A hanging planter for watering and growing transplanted plants either upwardly or downwardly includes lay-flat flexible tubing which is hung or supported in an upright position, the lay-flat flexible tubing serving as a container for the plants. A lay-flat flexible tube is sealed so as to create an upper watertight chamber above separated from a lower well-drained soil chamber, into which a plant is planted or transplanted. Water flow from the upper chamber to the lower chamber is controlled by a water flow restriction element.

Description

FIELD OF THE INVENTION

The invention generally relates to planting containers for growing plants, and particularly to hanging planting containers.

BACKGROUND OF THE INVENTION

Gardeners spend millions of dollars each year on ornamental plants and vegetables which are transplanted into a variety of containers which both rest on the ground and hang from hooks or poles. Most often, the soil mixture that surrounds the plant roots in the container is very porous and dries quickly through plant use and evaporation. Because of this, the plants require watering on at least a daily basis.
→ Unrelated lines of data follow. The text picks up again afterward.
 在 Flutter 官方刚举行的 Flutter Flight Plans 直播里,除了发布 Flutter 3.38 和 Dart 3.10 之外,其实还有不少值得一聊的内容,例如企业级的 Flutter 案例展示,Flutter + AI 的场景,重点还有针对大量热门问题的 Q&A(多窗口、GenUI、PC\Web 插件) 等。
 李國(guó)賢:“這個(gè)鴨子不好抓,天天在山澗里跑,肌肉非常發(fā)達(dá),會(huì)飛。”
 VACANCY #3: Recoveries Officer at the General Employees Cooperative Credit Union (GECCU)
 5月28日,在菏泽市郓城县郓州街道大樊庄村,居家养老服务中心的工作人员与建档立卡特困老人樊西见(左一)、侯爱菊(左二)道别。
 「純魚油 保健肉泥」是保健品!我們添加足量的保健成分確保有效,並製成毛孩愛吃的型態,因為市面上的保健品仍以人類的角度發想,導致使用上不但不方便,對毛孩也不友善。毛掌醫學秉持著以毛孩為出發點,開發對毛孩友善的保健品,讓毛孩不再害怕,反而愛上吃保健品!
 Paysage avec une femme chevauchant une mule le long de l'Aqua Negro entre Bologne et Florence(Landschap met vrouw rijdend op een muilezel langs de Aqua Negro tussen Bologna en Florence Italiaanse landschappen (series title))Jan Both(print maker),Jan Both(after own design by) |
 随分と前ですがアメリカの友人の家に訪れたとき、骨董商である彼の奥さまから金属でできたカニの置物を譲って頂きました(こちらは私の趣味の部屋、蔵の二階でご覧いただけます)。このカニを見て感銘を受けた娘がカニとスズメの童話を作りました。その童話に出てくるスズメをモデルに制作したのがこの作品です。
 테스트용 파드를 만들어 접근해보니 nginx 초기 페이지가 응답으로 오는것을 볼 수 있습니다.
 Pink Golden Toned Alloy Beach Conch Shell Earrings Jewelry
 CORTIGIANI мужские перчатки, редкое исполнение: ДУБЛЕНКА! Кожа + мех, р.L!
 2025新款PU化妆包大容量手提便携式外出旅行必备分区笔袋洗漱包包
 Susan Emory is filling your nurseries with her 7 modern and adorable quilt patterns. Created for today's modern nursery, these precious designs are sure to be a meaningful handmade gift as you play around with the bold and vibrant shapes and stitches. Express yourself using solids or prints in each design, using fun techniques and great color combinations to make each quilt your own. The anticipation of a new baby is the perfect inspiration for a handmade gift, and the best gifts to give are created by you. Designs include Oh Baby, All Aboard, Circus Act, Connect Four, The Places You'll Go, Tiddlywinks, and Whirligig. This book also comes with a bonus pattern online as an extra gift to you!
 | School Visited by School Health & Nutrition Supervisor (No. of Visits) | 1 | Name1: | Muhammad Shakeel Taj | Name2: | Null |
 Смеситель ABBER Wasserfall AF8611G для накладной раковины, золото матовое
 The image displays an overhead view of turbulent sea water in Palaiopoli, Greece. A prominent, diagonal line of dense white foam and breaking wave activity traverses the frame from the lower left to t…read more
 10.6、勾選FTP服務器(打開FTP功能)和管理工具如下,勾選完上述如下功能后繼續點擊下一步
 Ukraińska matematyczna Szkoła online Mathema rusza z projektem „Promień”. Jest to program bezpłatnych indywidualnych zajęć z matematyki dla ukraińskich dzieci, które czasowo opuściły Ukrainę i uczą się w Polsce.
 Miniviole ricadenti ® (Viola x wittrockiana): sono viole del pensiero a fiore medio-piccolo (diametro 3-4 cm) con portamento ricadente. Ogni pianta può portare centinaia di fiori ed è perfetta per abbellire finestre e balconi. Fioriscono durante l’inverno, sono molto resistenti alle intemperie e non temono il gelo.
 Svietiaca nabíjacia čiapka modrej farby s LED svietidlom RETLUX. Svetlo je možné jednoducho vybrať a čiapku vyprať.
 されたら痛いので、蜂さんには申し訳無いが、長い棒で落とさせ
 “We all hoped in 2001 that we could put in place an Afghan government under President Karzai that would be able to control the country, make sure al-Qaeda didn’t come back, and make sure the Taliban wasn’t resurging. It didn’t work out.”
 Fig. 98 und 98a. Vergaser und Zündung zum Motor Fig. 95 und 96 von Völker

Typically, the gardener adds a copious amount of water to the top of the container or hanging basket each day. As the water seeps down through the soil mixture in the container, the soil particles are wetted and the excess water drains from the container through holes in its bottom. Drainage is important because most plants require a certain amount of oxygen within the small pore spaces between the soil in order to survive.

The daily watering of plants in growing containers is both time consuming and a significant commitment for the gardener. If she needs to leave town for just one weekend, she must either find someone to water her plants or return home to find dead or damaged plants. If she leaves for a week long vacation, many of her plants will most assuredly die if left unattended.

A number of devices have been invented that enable gardeners to extend the watering cycle, or the time between watering events. For example, U.S. Pat. Nos. 6,715,233 B2 and 6,691,460 B1 provide for rigid vessels which store a limited amount of water within the body of the container for later delivery to the soil in the planting container. These designs are both expensive and restrictive in their application.

U.S. Pat. Nos. 7,082,715 B2, 7,596,905 B2, 6,418,663 B1, 6,684,563 B2, and 6,601,339 B1 all provide for rigid vessels which hold a limited amount of water above an independent planting container for later release to the soil.

U.S. Pat. Nos. 6,643,978 B2, 6,418,664 B1, and 6,782,659 B2 all provide for rigid vessels which store limited amounts of water below the soil in the container and provide means to draw it upwards to the plant roots by capillary action of a wicking element.

U.S. Pat. Nos. 6,845,588 B2, 6,843,022 B1, and 7,219,468 B1 all provide for watering through connection to a pressurized water source, requiring piping systems which may or may not be feasible in many applications.

U.S. Pat. Nos. 6,874,278 B2 and 7,171,782 B2 provide for planting hanging plants within a soil filled chamber constructed of flexible tubing. These inventions require rigid end pieces and do not provide a solution for the problem of extended watering.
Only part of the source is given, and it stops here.